WHAT THE TASK ASKS:
Only the lines running from the line with "समझदारी पत्रमा ग्लोबल" to the end of the listing below should be copied, exactly, without pictures.

[SOURCE MATERIAL]

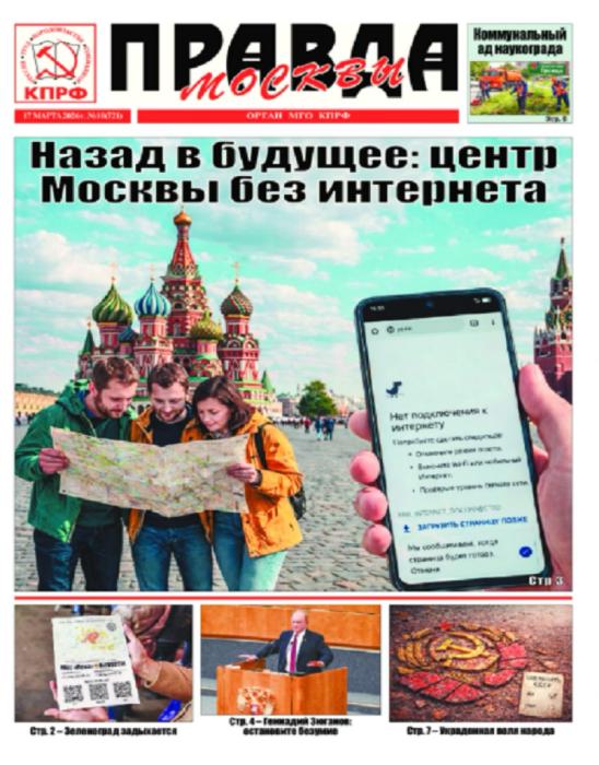 17 марта 2026 года вышел 10-ый (721-ый) выпуск газеты МГК КПРФ “Правда Москвы”. В нём напечатан материал об оценке социально-экономической обстановки в России, данной председателем ЦК КПРФ, руководителем фракции коммунистов в Государственной Думе Г.А. Зюгановым в ходе его выступления на пленарном заседании нижней палаты Федерального собрания. Напечатан статья депутата Государственной Думы, секретаря МГК КПРФ Д.А. Парфенова о подчинении городской политики интересам крупного бизнеса. Затрагивается тема проблем в ЖКХ и перспектив их решения (в том числе на примере обсуждения в ходе проведенного руководителем фракции КПРФ в Московской городской Думе Н.Г. Зубрилиным круглого стола по теме состояния жилищно-коммунальной инфраструктуры в Троицке). Освещается проведённый Николаем Зубрилиным круглый стол по теме проблем таксомоторной отрасли. Не обойдена стороной тема автокредитов. Проиллюстрированы тенденции в области образования. Упомянуто о перебоях в работе интернета. Размещена статья о 35-летии всесоюзного референдума о сохранении СССР.
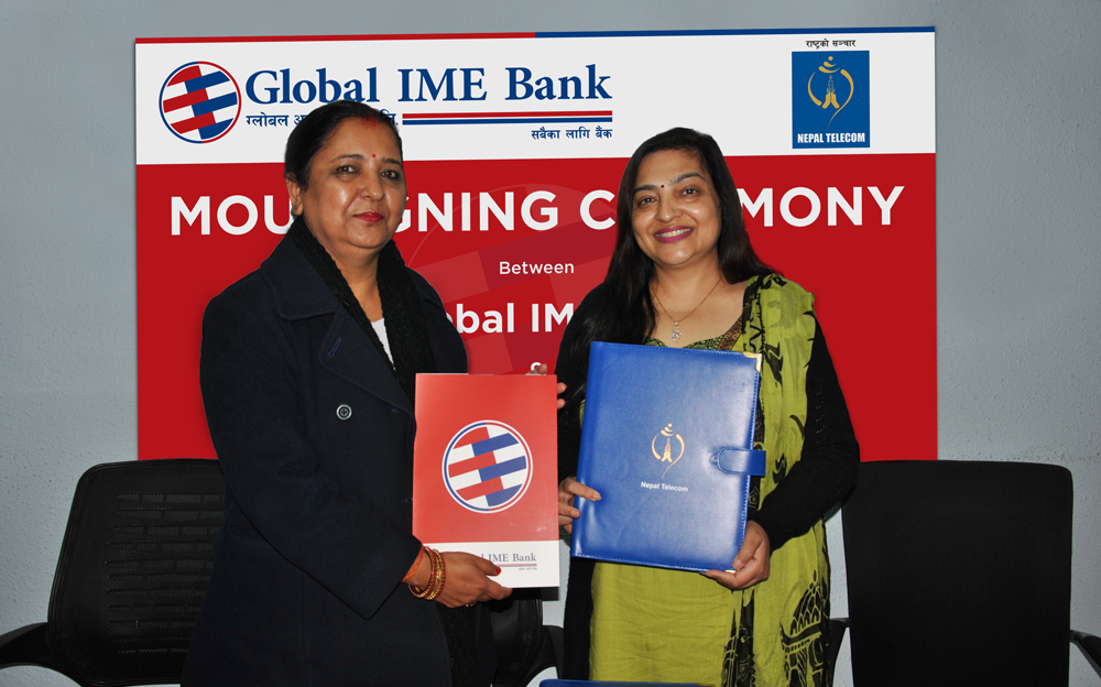 समझदारी पत्रमा ग्लोबल आइएमई बैंक लिमिटेडको बजार तथा व्यवसाय प्रवद्र्धन प्रमुख शान्ता शिवाकोटी र नेपाल टेलिकमको तर्फबाट प्रमुख व्यापार अधिकृत संगीता पहाडीले हस्ताक्षर गरेका छन् । बैंकले समय–समयमा यस्ता विभिन्न किसिमका योजनाहरु ल्याई आफ्ना ग्राहकहरुलाई विस्तारित बैंकिङ्गका साथसाथै अन्य सेवाहरु प्रदान गर्दै आएको छ ।
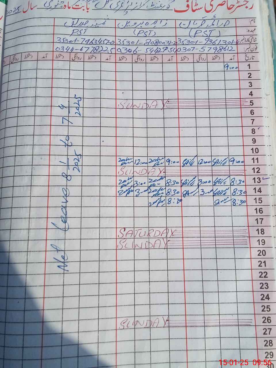 | 35**** | Sa**** Sa**** | PST | Regular | 2 | 0 | 0 | 0 | 0 | 0 | 0 | 0 | 2 | Maternity |
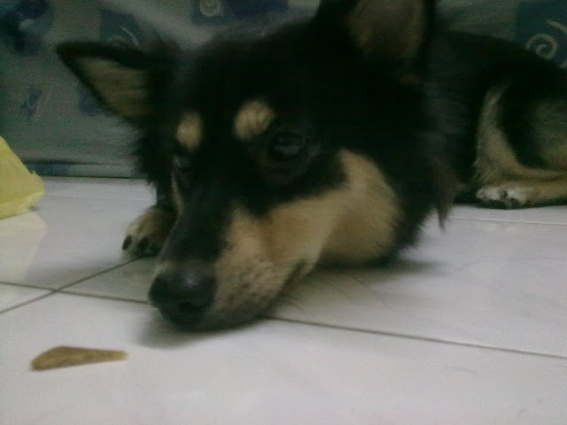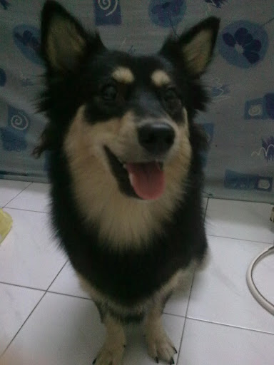 之前阿姨有养一只german spitz, 是全白的。。由于年老了就离开了但是第二天家外面竟然跑来了一只全白流浪的german spitz跟poppy长得一莫一样。大家都说可能poppy不舍得走所以又回来了。。现在那只狗被阿姨收留了也是叫poppy  |

[/SOURCE MATERIAL]

FINISHED TASK:
 समझदारी पत्रमा ग्लोबल आइएमई बैंक लिमिटेडको बजार तथा व्यवसाय प्रवद्र्धन प्रमुख शान्ता शिवाकोटी र नेपाल टेलिकमको तर्फबाट प्रमुख व्यापार अधिकृत संगीता पहाडीले हस्ताक्षर गरेका छन् । बैंकले समय–समयमा यस्ता विभिन्न किसिमका योजनाहरु ल्याई आफ्ना ग्राहकहरुलाई विस्तारित बैंकिङ्गका साथसाथै अन्य सेवाहरु प्रदान गर्दै आएको छ ।
 | 35**** | Sa**** Sa**** | PST | Regular | 2 | 0 | 0 | 0 | 0 | 0 | 0 | 0 | 2 | Maternity |
 之前阿姨有养一只german spitz, 是全白的。。由于年老了就离开了但是第二天家外面竟然跑来了一只全白流浪的german spitz跟poppy长得一莫一样。大家都说可能poppy不舍得走所以又回来了。。现在那只狗被阿姨收留了也是叫poppy  |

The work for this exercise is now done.